Uncertainty has always plagued the global economy, from the Great Depression through to the 2016 Brexit referendum. In the weeks leading up to Brexit “decision day”, the stock market volatility index for the FTSE 100 rose 33 percent — and fell by 22 percent — in the space of a few weeks.
Although the stock market can be an indicator of overall performance, the real effects of uncertainty are shown in consumption and business outlook. When firms are unable to predict the outcome of a national decision — an election, say, or a referendum — they are risk-averse. They pull back on investment and slow down on growth.
Consumers react in a similar way. The empty supermarket aisles seen at the outset of the pandemic shows how unpredictable consumers can be when faced with uncertainty. They fill shopping baskets and clear shelves of certain items, but they hold back on expensive purchases.
When coronavirus first struck, the stock market wobbled. The crash began in late February of 2020, and throughout the month of March brokers experienced drops as high as 12 percent. Days of especially large falls spawned nicknames such as Black Monday (at 7.8 percent), Black Thursday (10 percent) and the sequel no one wanted, Black Monday II — the aforementioned 12 percent fall.
The Omicron variant could have a similar effect. If it is an aggressive strain — a possibility, according to WHO scientists — understanding the impact of previous variants will help us to better prepare for any economic fallout.
Delta is considered by many health officials to be one of the most aggressive variants, striking in India before cases were recorded in the UK or the US. When the news of Delta first broke, the stock market reacted poorly considering the steps to economic recovery that were in place. At close, the Dow Jones and the S&P 500 were down for several consecutive days in July.

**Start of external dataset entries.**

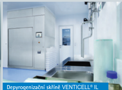
Depyrogenizační skříně VENTICELL® IL
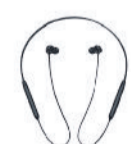
OnePlus Neckband ANC

OnePlus Experience Stores (JBK ELECTRONICS)
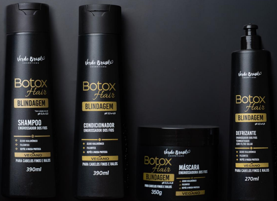
SHAMPOO CONDICIONADOR MÁSCARA DEFRIZANTE CÓD. 00010 CÓD. 00019 CÓD. 00029 CÓD. 00041 390ml 390ml 350g 270ml
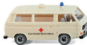
0320 02 DRK - VW T3 Bus UVP 11,49€
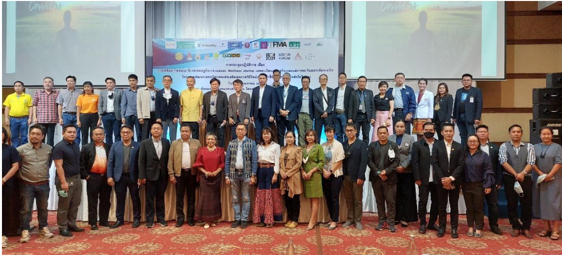
ภาพที่ 15 การประชุมกรอบการพัฒนาระเบียงเศรษฐกิจภาคตะวันออกเฉียงเหนือ โรงแรมโมชะ จังหวัดขอนแก่น

4. เครือข่ายเทคโนโลยีดิจิทัลและซัพพลายเชนด้านผลิตภัณฑ์ велเนส ประกอบด้วยบริษัท พี-เฮลท์อี เอเชีย จำกัด
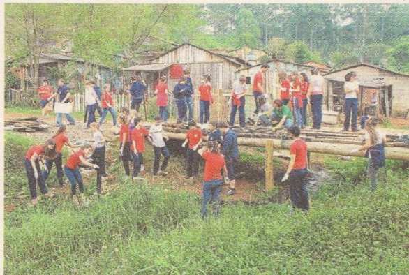
COLETA: estudantes captam imagens e trocam experiências no espelho d'água
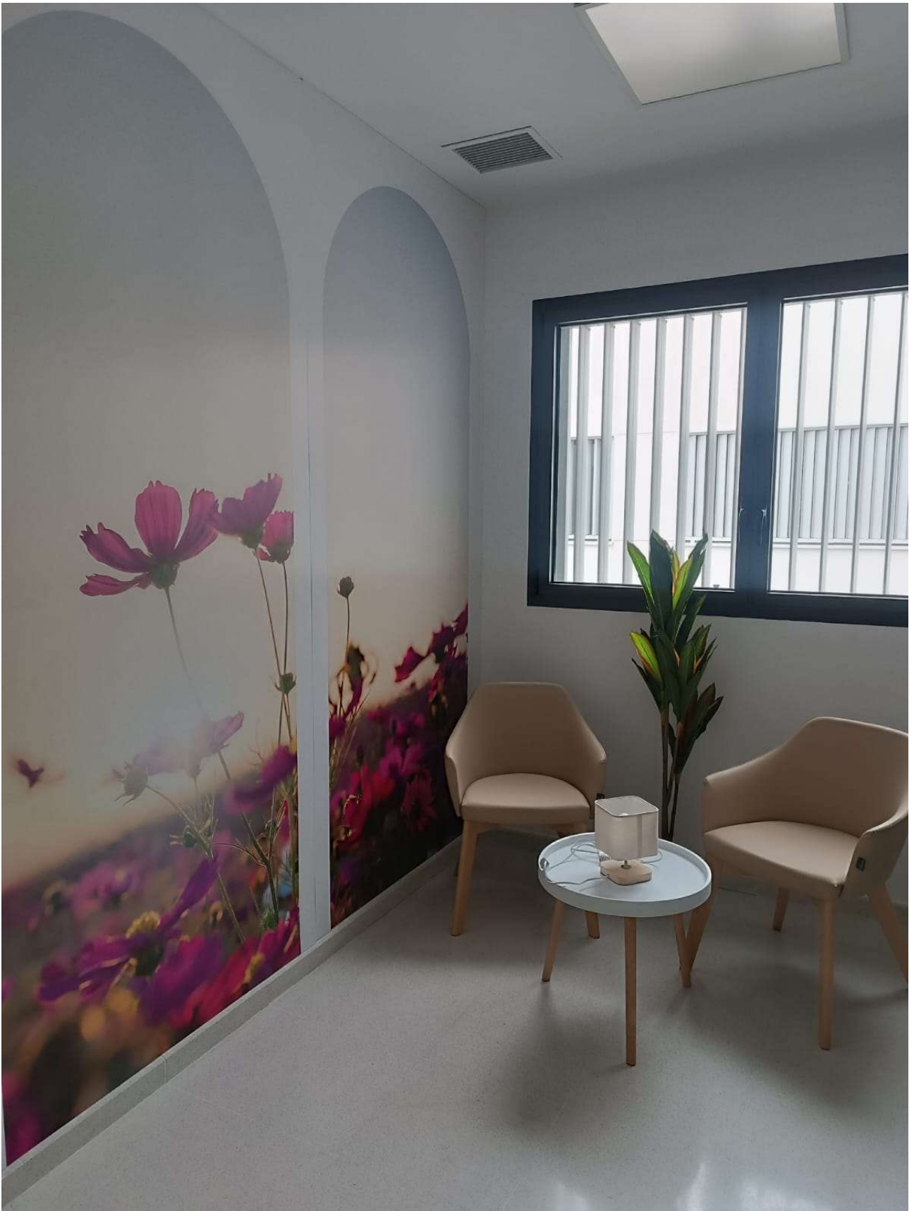
Centro de Salud de Montoro.
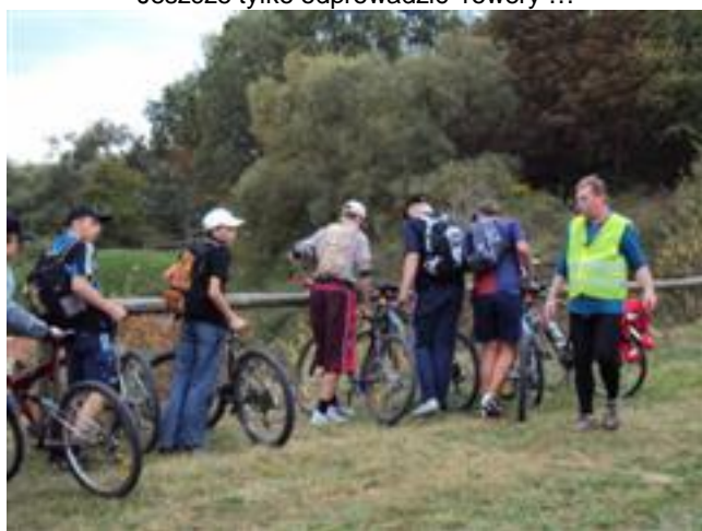
... podczas przerwy w czasie podróży ...
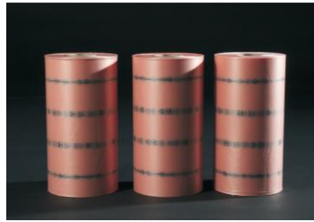
Antistatische folie FROMM
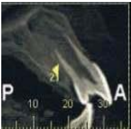
Figura 4: Corte sagital da maxila confirmando o diagnóstico de cúspide em garra na unidade 21.
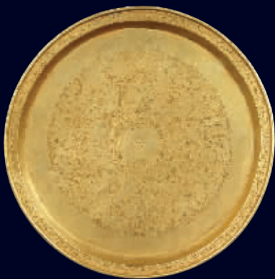
元金刻牡丹纹盘(估价20万-30万),直径15.6厘米,重121.1克
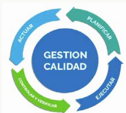
CUADRO 3: MODELO CIRCULAR DE GESTIÓN DE LA CALIDAD

Estas normas establecen todos los procedimientos que deben llevarse a cabo durante la actividad productiva de la empresa, definiendo la estructura organizativa, los procedimientos a realizar o los recursos a utilizar. El objetivo final es cumplir con las normas de calidad establecidas para garantizar que el resultado final será el mejor para nuestros clientes, al mismo tiempo que todos los procesos se simplifican durante la producción.
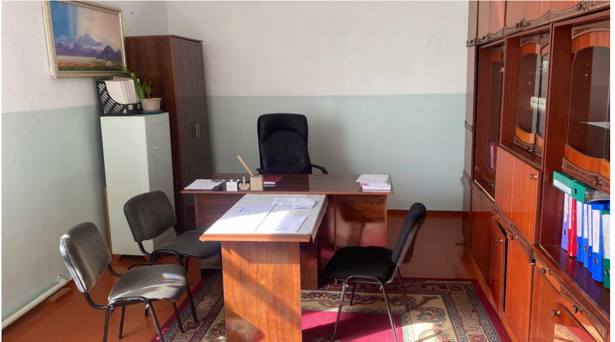
Мектеп директорунун каанасы
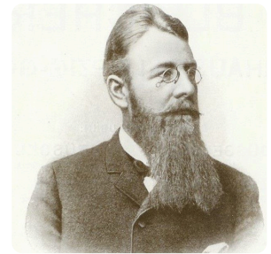
A. Bleichert

Achtet bei der Bildauswahl auf a) den inhaltlichen Bezug zum Thema der Ausstellung b) die Angabe von Jahreszahlen und c) die Nutzung von frei verwendbaren Bildern.
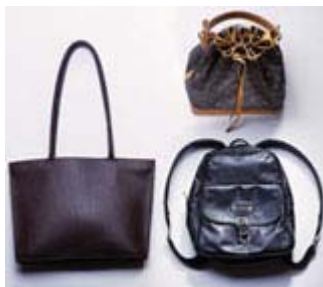
aus dem Studio Unit-F.
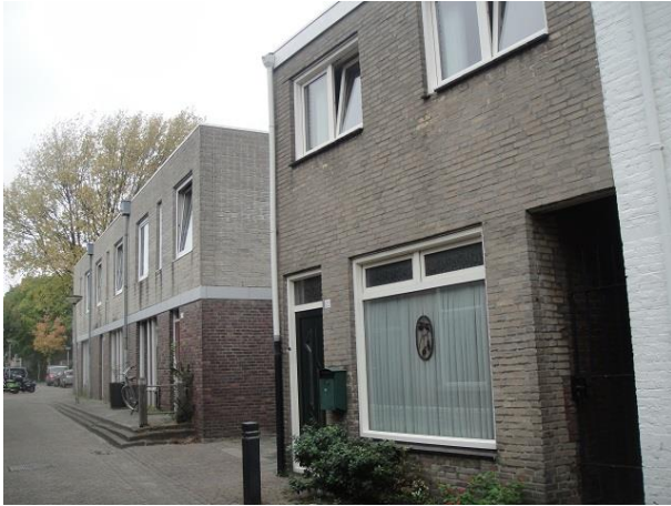
St Annastr 22-20u

Dan volgen drie huizen, nr. 20w, 20v en 20u die betrekkelijk nieuw zijn. Het hoekpand heeft zijn hoek net als alle andere panden in deze buurt afgeschuind maar verder heeft deze nieuwe bebouwing zich weinig aangetrokken van het bestaande. Het plan omvat zes gestapelde woningen gebouwd in 1984 in opdracht van Publieke Werken en is een ontwerp van Jo Hurkmans en de Stichting KOVOS uit Eindhoven. We zien tweekleurige gevels: een paarsbruine baksteen op de begane grond en iets van een licht grijze gebroken kalkzandsteen op de verdieping.
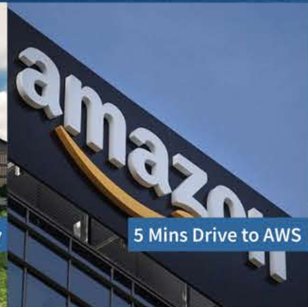
5 Mins Drive to AWS
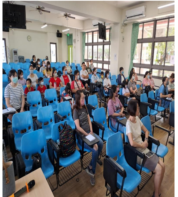
辦理親職教育講座-性別平等
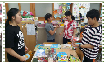
【독도 홍보 아나바다 알뜰시장 활동】
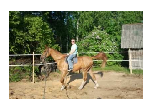
Turki – Sutri ≈ 39 km

"Jaungrāveri", Grāveri, Jersikas pag., Līvānu novads, Latvija, LV-5316;GPS: 56.3319949, 26.1837615; tālr.: +371 26070822; <u>zane.gaiduka@gmail.com</u>; Skype: zane.gaiduka
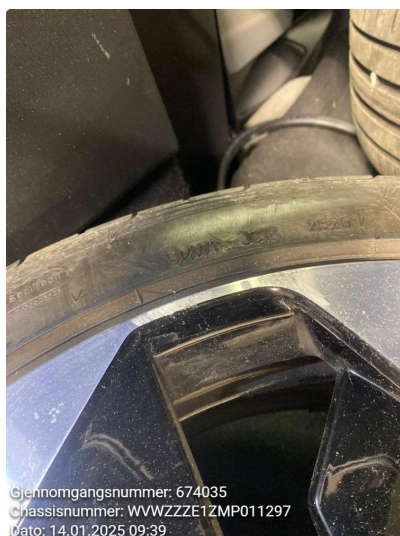
1.4 Kantkjørt felg
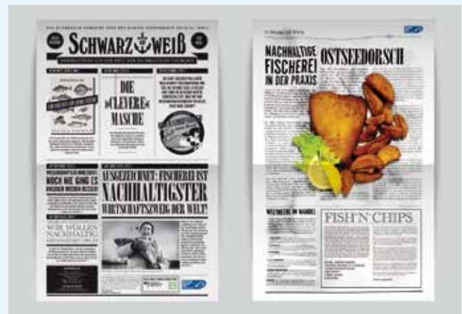
Projekt: Marine Stewardship Council: Kampagne Deutschland, Österreich und Schweiz. Kommunikationskonzept und Design für verschiedene Werbematerialien für die MSC Kampagne 2013.
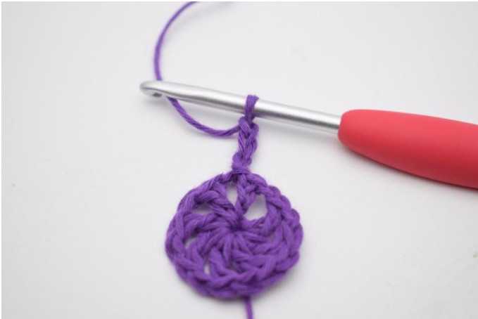
3. Gör 3 lm, virka 6 st ner i lm-mellanrummet.
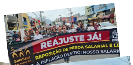
13.ABRIL. REUNIÃO COM PREFEITO, ONDE FOI APRESENTADA CONTRAPROPOSTA
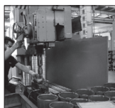
واحدهای تولیدی تگران قطعی گاز در زمستان هستند
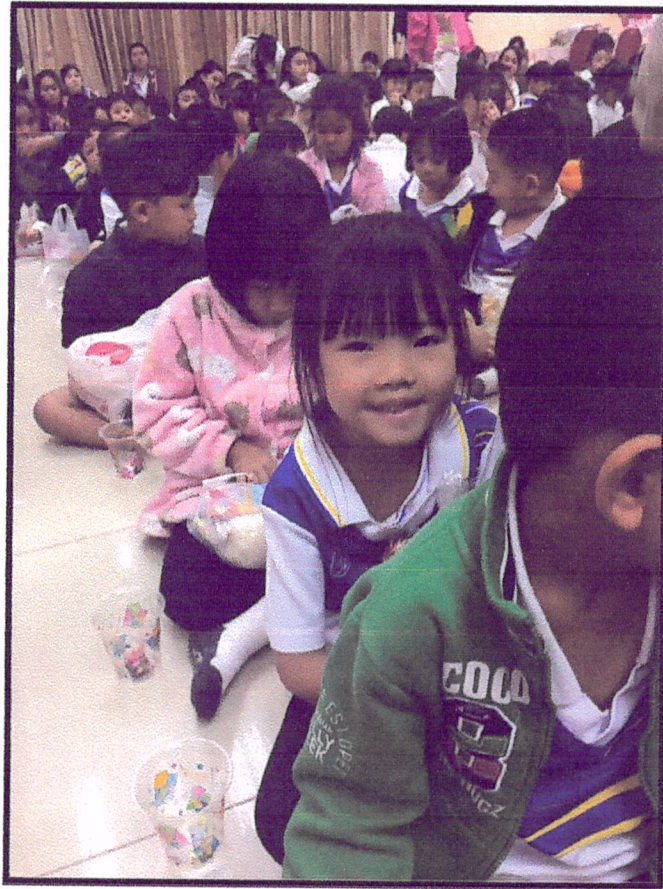
ภาพแสดง : บรรยากาศการร่วมกิจกรรมออมบุญ
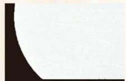
⑱ WHA-03 無地 オールシーズン 6423100 ¥3,500
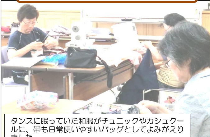
和服リフォーム講座 6/5～7/3(全5回)

タンスに眠っていた和服がチュニックやカシュクールに、帯も日常使いやすいバッグとしてよみがえりました。
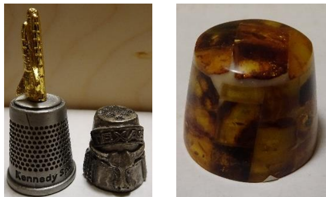
Zdj. 6. Okazy wykonane ze srebra oraz bursztynu
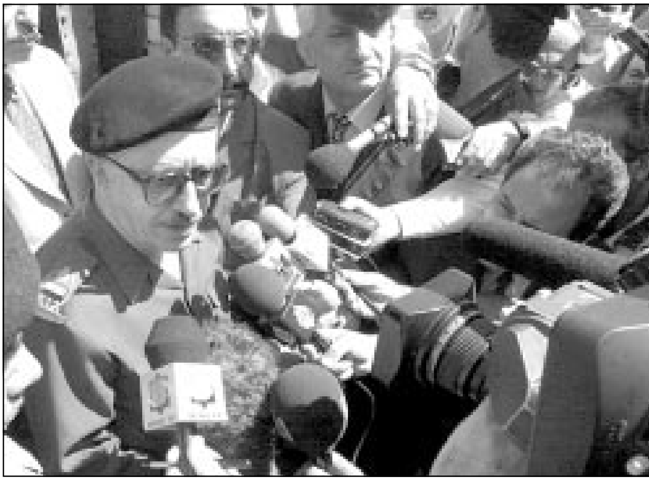
نائب رئيس الوزراء العراقي طارق عزيز يتحدث للصحافيين في بغداد

■ بغداد - اف ب: اتهمت صحيفة «الثورة» العراقية أمس الاربعاء لجنة التعويضات التابعة للامم المتحدة بالقيام بعمليات «نهب منظمة» لاموال العراق عن خلال استقطاع مبالغ من عائدات النفط العراقي، مؤكدة ان المشروع الامريكي - البريطاني يقترح «نهب نسب اخرى منها بذرائع واغذية اخرى».
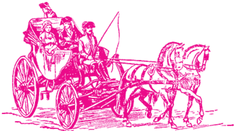
Дворянский выезд конца XVIII века
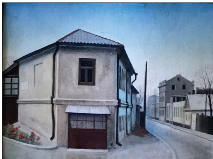
Intersecție chișinăuiană 2 . 1974, acryl, pânză pe carton, 70 × 50 cm.
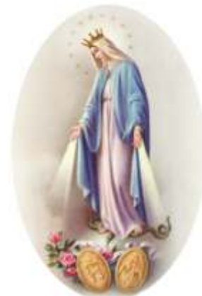
1830 - Paris
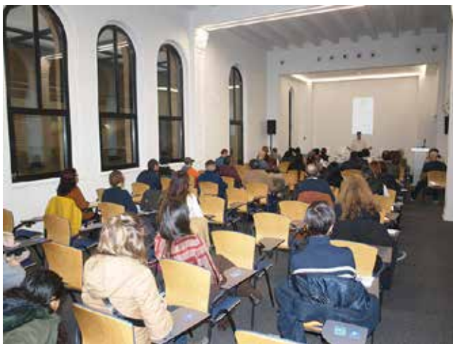
V Feria de Empleo SNE, 21 de noviembre de 2024.

En 2024, la Cámara colaboró estrechamente con el Servicio Navarro de Empleo – Nafar Lansare en la difusión de ayudas, subvenciones y programas que ofrece a las empresas. En concreto se realizaron 2 desayunos de trabajo y 4 jornadas a las que asistieron 107 empresas.
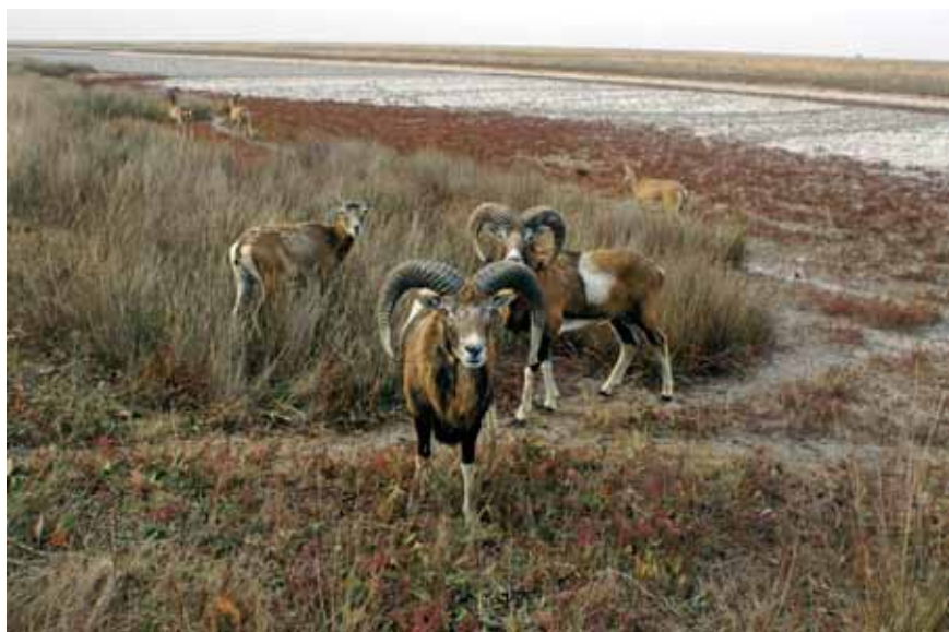
Muflonid Aasovi-Sõvaši looduspargis.

Ukraina on hinnatud turismipiirkond. Tuntud on Krimmi lõunakaldal asuvad kuurordid (Jalta, Jevpatorija, Alušta) ning Odessa. Populaarsust on kogunud vesi- ja mudaravilad – Truskavets, Moršõn, Mõrgorod, Sakõ, Slovjansk, ning Karpaatides asuv mäesuusakuurort Bukovel.
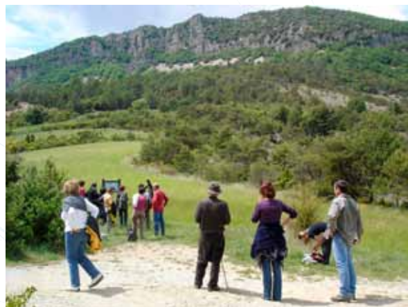
Le sentier pédagogique lors d'une réunion du comité de gestion sur le site.
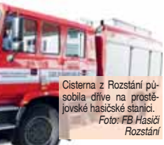
Cisterna z Rozstání působila dříve na prostějovské hasičské stanici.

Hasiči z Rozstání pak převzali druhou cisternu, pouze osm let starou CAS 20 Tatra 815 Termo v pořizova-
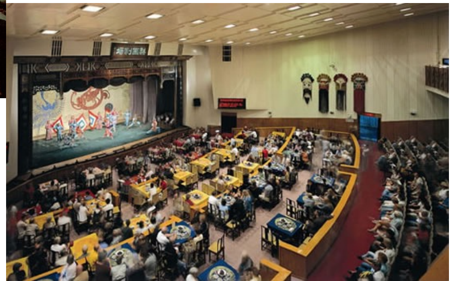
Lijuāņ teātris Pekinā
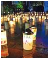
キャンドルナイト (イメージ)
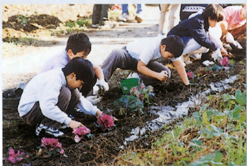
小学生による花植え
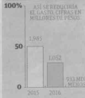
Presupuesto de la ALDF

cir el sueldo a los legisladores, los diputados de Morena donarán 50% de su sueldo (el cual asciende a 57 mil pesos al mes) para actividades educativas.
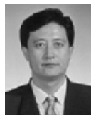
Shuanggu ZHANG (Chine) Ministre Conseiller, Délégation permanente de la République populaire de Chine auprès de l'Unesco
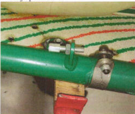
Tope de acelerador
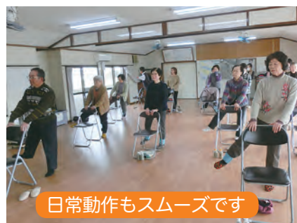
日常動作もスムーズです
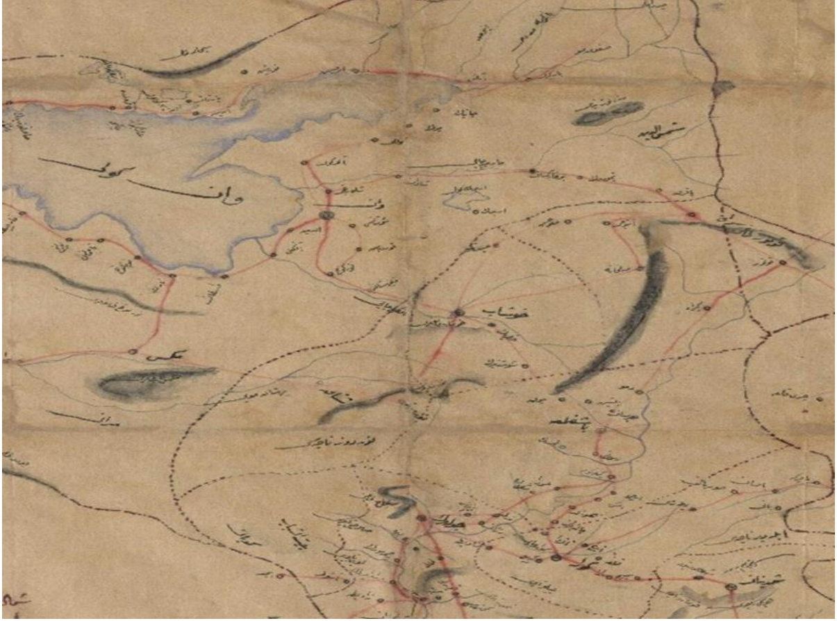
Ek 1: Osmanlı Dönemi Harita
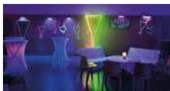
Soirée Ladies Night
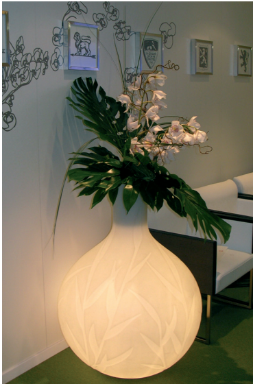
Réf. 134.300B - Bac Princess Light Ø 75 cm ht 1 m avec Orchidées et feuillages
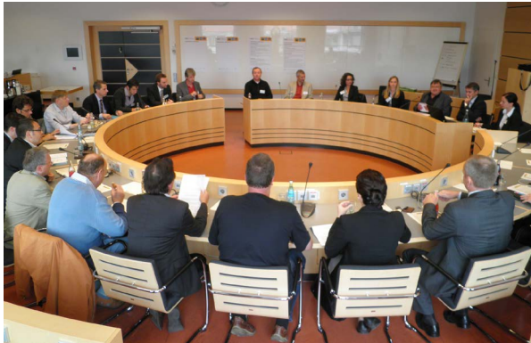
Runder Tisch Energieeffizienz im Rathaus

sind. Der Fokus der Treffen liegt darauf, geeignete Maßnahmen aufzudecken und Wege für deren Umsetzung zu erarbeiten. Als Ergebnis veröffentlichen beispielsweise die Akteure des Runden Tisches Wohnsektor eine Broschüre mit Vorzeigeprojekten.
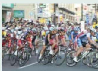
昨年のジャパンカップ(クリテリウム)

見どころ 時速40kmを超える自転車とは思えないほどのスピード感、選手達とともに通り過ぎる風を感じることができます。特にクリテリウム(市街地や公園内の周回コースで行われるサイクルロードレース)では、選手達を何度も間近に見ることができます。 地域貢献 「少しでも交通事故を減少させたい」、「子どもたちの命を守りたい」という思いから、幼児から高校生までを対象とした自転車安全教室やサイクルマナー向上のためのサイクルイベントなどを行っています。 お知らせ 10/18(金)~20(日)に宇都宮市内でアジア最高峰のレース「ジャパンカップ2013」が開催されます。19日(土)に行われる大通りを会場としたクリテリウムは必見! 問 サイクルスポートマネジメント(株) ☎028-643-6626

The economy could react to the emergence of Omicron in a similar way. Although lockdowns have been largely avoided thus far, the very possibility means that many sectors and industries will face difficulties.
One emerging market that swiftly reacts to human impulse is that of cryptocurrency. The relatively recent phenomenon has taken the trading world, especially the younger crowd, by storm. The quick buy-and-sell nature of crypto makes it vulnerable to the whims of the masses. When people get spooked, they sell; when billionaires Tweet, they buy.
When the news of Omicron first emerged, Bitcoin — still the leading token — saw its floor implode from a steady $57,000 to $43,000. This caused a period of mass selling — with nearly every cryptocurrency experiencing a drop in value. From Ethereum to Doge, values fell — as did the value of many wallets.
The global economy is still reeling from the first wave of the pandemic. With supply suffering in every sector and industry, and inflation on the rise, it is no wonder that investors are concerned about global economic output.
Apparently anticipating the worst, the Organisation for Economic Co-operation and Development has said that — should Omicron prove to be deadly — we should expect governments to begin rolling-out support for businesses. We should also expect demand to fall, as it did at the beginning of the pandemic.
For investors, the combination of uncertainty and pessimism could plague financial markets. Decisions on buying, selling, or holding are tricky when an unpredictable factor is introduced. How those investors react in coming months will decide how we remember the Omicron variant further down the track.